Few franchises can manage this consistent growth – even Marvel looks to be settling into a lower range – although what’s more remarkable is that, alongside this financial uptick, the perception of the series has changed too. After the first four, the series has become a semi-critical darling each scoring in the 60/70% range on Rotten Tomatoes (not a perfect metric, but serviceable). The latest has actually come under a little more fire than usual, but not enough to ward anyone off. Maintaining a general average quality is hard, but Vin Diesel and co. have managed it.

Residual Hype From The Handling of Paul Walker’s Death

Brian O'Conner behind the wheel of a car at the end of Furious 7

What took Fast and Furious from being a solid ongoing franchise to a box office behemoth was Furious 7, and while the movie was always on that trajectory, what made it so big was how it handled the death of Paul Walker. Dealing with the death of a franchise star is always hard, but this was especially so for James Wan’s film as Walker’s tragic death happened sudennly and unexpectedly in the middle of production.

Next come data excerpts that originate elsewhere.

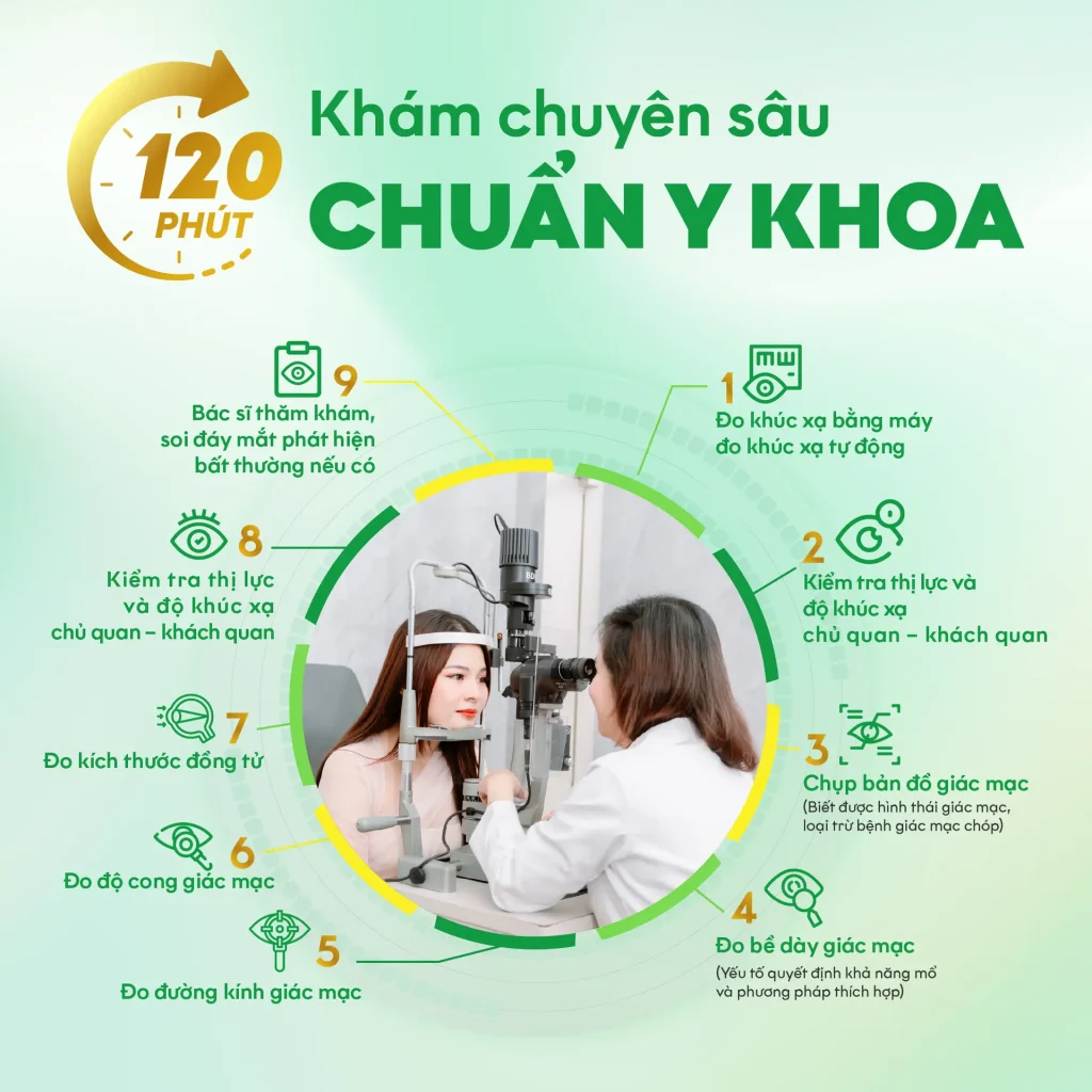 Để xác định chính xác độ khúc xạ của mắt; giác mạc đủ điều kiện phẫu thuật hay không và phù hợp phương pháp phẫu thuật nào, cũng như tiên lượng kết quả sau phẫu thuật, bạn cần trải qua bước kiểm tra chuyên sâu trước phẫu thuật với các bác sĩ chuyên khoa để được chẩn đoán và tư vấn tốt nhất.
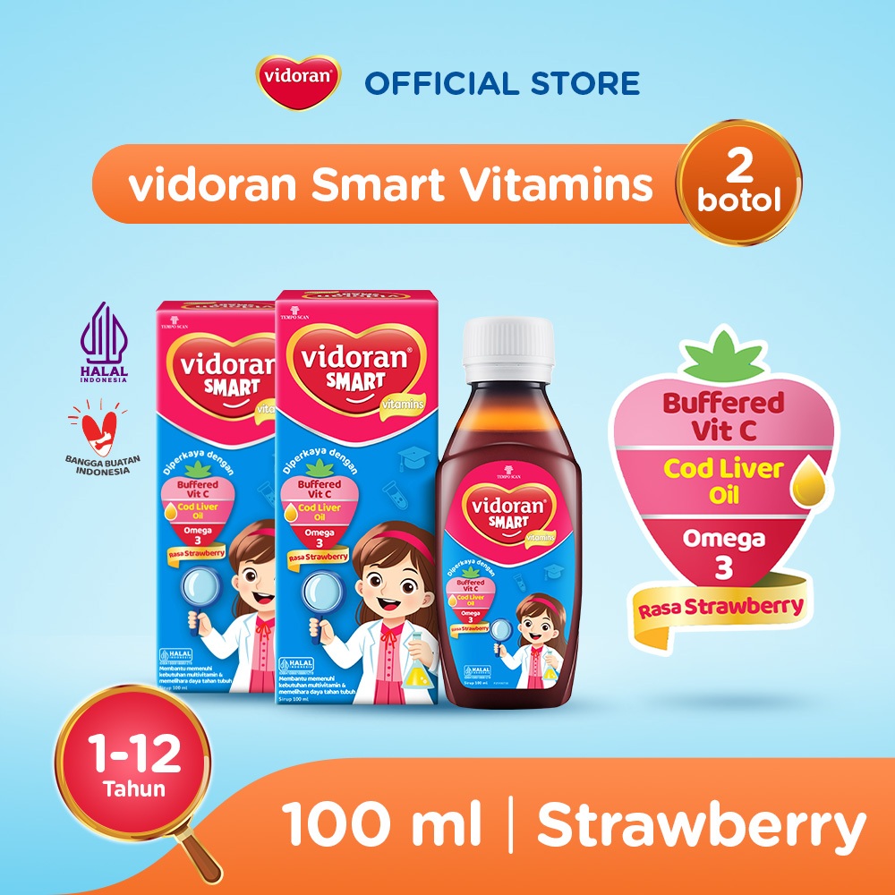 Vidoran Smart Strawberry Sirup 100 ml Vitamin Anak - 2pcs - Exp : 05.2026
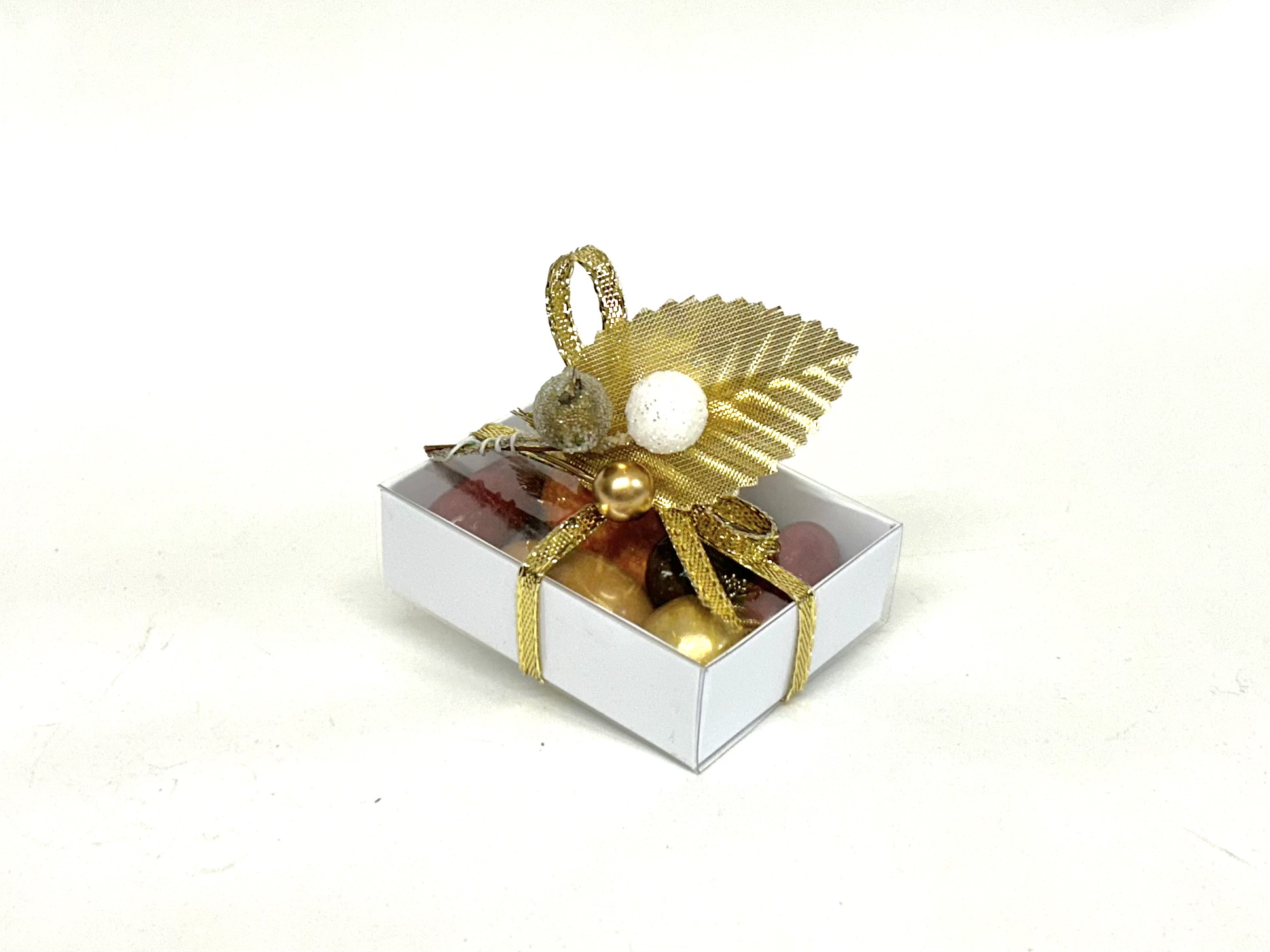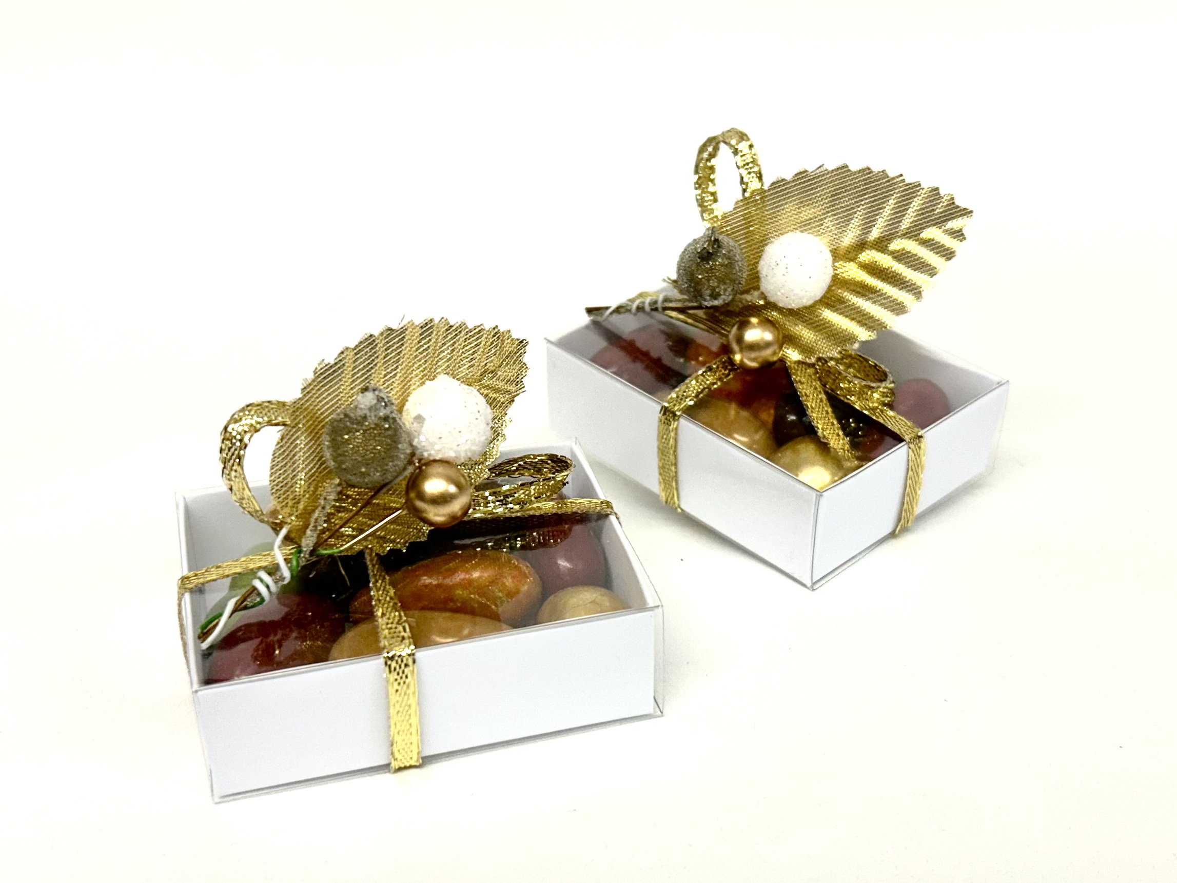 Noisette or : noisette grillée enrobée de chocolat noir, de sucre, argentée puis colorée

In the end, through a deft mix of CGI and body doubles (including Walker’s real-life brothers) Brian O’Connor’s arc was finished in a manner that paid tribute the character while allowing the franchise to continue forward without him. The end of the film - Diesel’s Dom Toretto and Brian driving off in different directions as a montage of previous films dedicated the film “For Paul” - was a sensitive, affecting tribute that showed a sincerity many didn’t know the franchise could achieve.

People, of course, turned out for Furious 7 out of memory for the star, but the handling of his legacy endeared the wider enterprise and encouraged people to stick around longer.

Wide Audience Appeal

Dwayne Johnson as Hobbs in Fate of the Furious wearing a sleeveless prison uniform

This mix of ostensibly dumb action and heart, as well as intense self-awareness, is very important to Fast and Furious’ appeal. While it’s very easy to make a broad generalization and lump this in with the likes of Transformers as lowest-common-denominator entertainment that offers very little, there’s something more going on. The franchise does play to a similar audience, but it has a greater sense of awareness and lacks the same level of cynicism as Michael Bay’s magnum explosion-us. You don’t have to “leave your brain at the door”, you just need to accept it’s not going to get the most stringent workout. This means the series can simultaneously retain a teenage audience as they grow, tickle critics’ occasional hunger for cinematic junk food and overall be an unobjectionable prospect on a Friday night.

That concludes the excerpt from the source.